Report: China's 2019 greenhouse gas emissions exceeded all other industrialized nations combined

When it comes to greenhouse gas emissions that cause climate change, China is No. 1, and it’s not even close.

A report released last week by the Rhodium Group finds that China’s greenhouse gas emissions in 2019 were higher than those of every other nation in the developed world combined.

China accounted for 27 percent of global emissions, the report stated, while the United States, the second-worst emitter of greenhouse gases, was responsible for 11 percent of the global total. India was responsible for 6.6 percent, while the 27 nations making up the European Union accounted for 6.4 percent.

“Using our newly updated global emissions data through 2019, we estimate that in 2019, for the first time since national greenhouse gas emissions have been measured, China’s annual emissions exceeded those of all developed countries combined,” the report states. “China’s emissions were less than a quarter of developed country emissions in 1990, but over the past three decades have more than tripled, reaching over 14 gigatons of CO2-equivalent in 2019.”

Though China's overall emissions have soared, however, the U.S. continues to be the world's leader in emissions per capita. The report also notes that the climate crisis did not arise overnight, and that while China's emissions have overtaken those of the rest of the world's industrialized nations, other countries share considerable blame for rising global temperatures.

“While China exceeded all developed countries combined in terms of annual emissions and came very close to matching per capita emissions in 2019, China’s history as a major emitter is relatively short compared to developed countries, many of which had more than a century head start,” the report states. “A large share of the CO2 emitted into the atmosphere each year hangs around for hundreds of years. As a result, current global warming is the result of emissions from both the recent and more distant past.”

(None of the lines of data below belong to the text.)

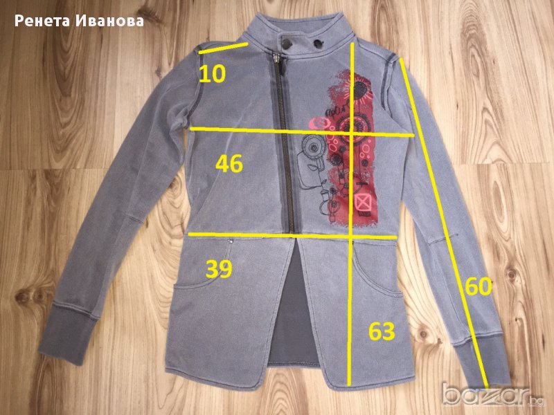 Дамско сако от трико Ripcurl, оригинално, размер S slim fit. Сакото много интересен модел с асиметричен цип, с щампа, долната част седи отворена по средата, на двете страни. Носено е много малко(два-три пъти), много запазено. Размерите са на последната снимка.
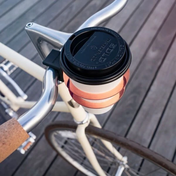 Просто прикрепите подставку на руль велосипеда, вставьте в нее кружку и наслаждайтесь кофе, чаем или любым другим напитком на всем вашем пути.
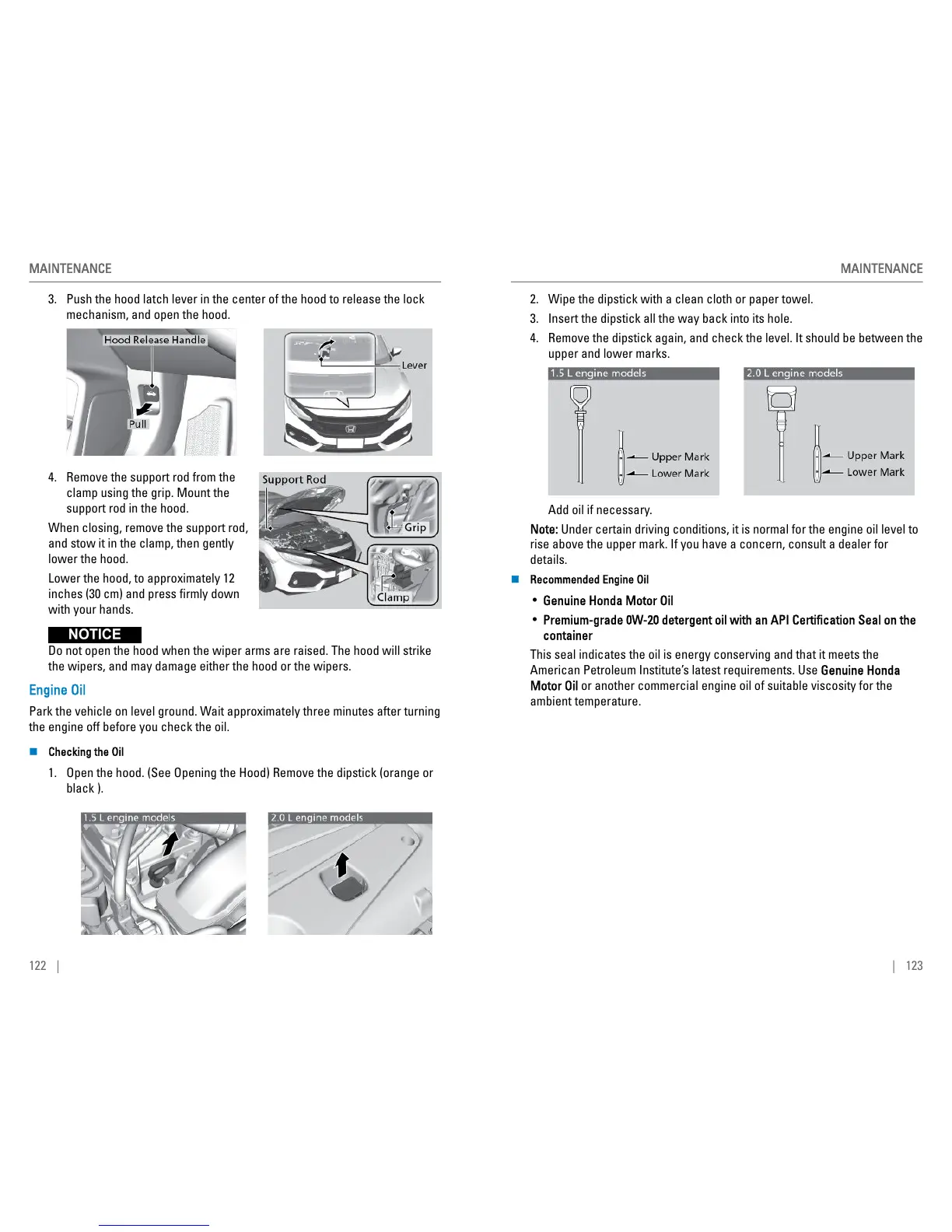 • Premium-grade 0W-20 detergent oil with an API Certification Seal on the

Once emitted in the form of exhaust or pollution, carbon atoms, for instance, can remain in the atmosphere for 300 to 1,000 years, NASA says on its website. For that reason, cutting greenhouse gas emissions at once is an urgent priority.

Earth model
The United Nations Climate Change Conference in Copenhagen in 2009. (Xinhua/Wu Wei via Getty Images)

In April, President Biden hosted a climate summit of world leaders, including Chinese President Xi Jinping. Biden announced an ambitious goal for the U.S. to cut greenhouse gas emissions by 50 to 52 percent by 2030.

“This is the decisive decade,” Biden said at the summit. “This is the decade that we must make decisions to avoid the worst consequences of the climate crisis.”

Ahead of the summit, China had committed to becoming carbon-neutral by 2060, and Xi did not update his targets.

The recent pledges made by world governments to limit carbon emissions will not be sufficient to meet the goal of keeping global temperatures from rising above 1.5 degrees Celsius, according to a report released earlier this month by the Climate Action Tracker.

While China's pledge on carbon neutrality is in line with other nations, it leaves out greenhouse gas emissions from other sources such as methane, which is roughly 28 times more harmful to the environment than carbon dioxide in the short term. Whether China can meet its goal of carbon neutrality is also an open question given that it currently relies on 1,058 coal plants for energy, more than half the total global capacity, the BBC reported.

The vast majority of climate scientists have warned that in order to prevent the worst consequences of climate change from occurring, global temperatures need to be kept from rising above 1.5 degrees Celsius. In its landmark 2018 report, the United Nations’ Intergovernmental Panel on Climate Change acknowledged that achieving that goal would require a herculean effort.

“There is no single answer to the question of whether it is feasible to limit warming to 1.5°C and adapt to the consequences,” the report stated.

For China, adapting to climate change’s consequences means, among other things, a marked rise in the number and severity of dust storms in the northern part of the country, a decrease in rainfall in the east, more powerful tropical cyclones making landfall, and the melting of its glaciers, according to a report from the Wilson Center.

Of course, the negative impacts of climate change do not adhere to borders, a fact that makes a concerted global effort to curb rising temperatures that much more important.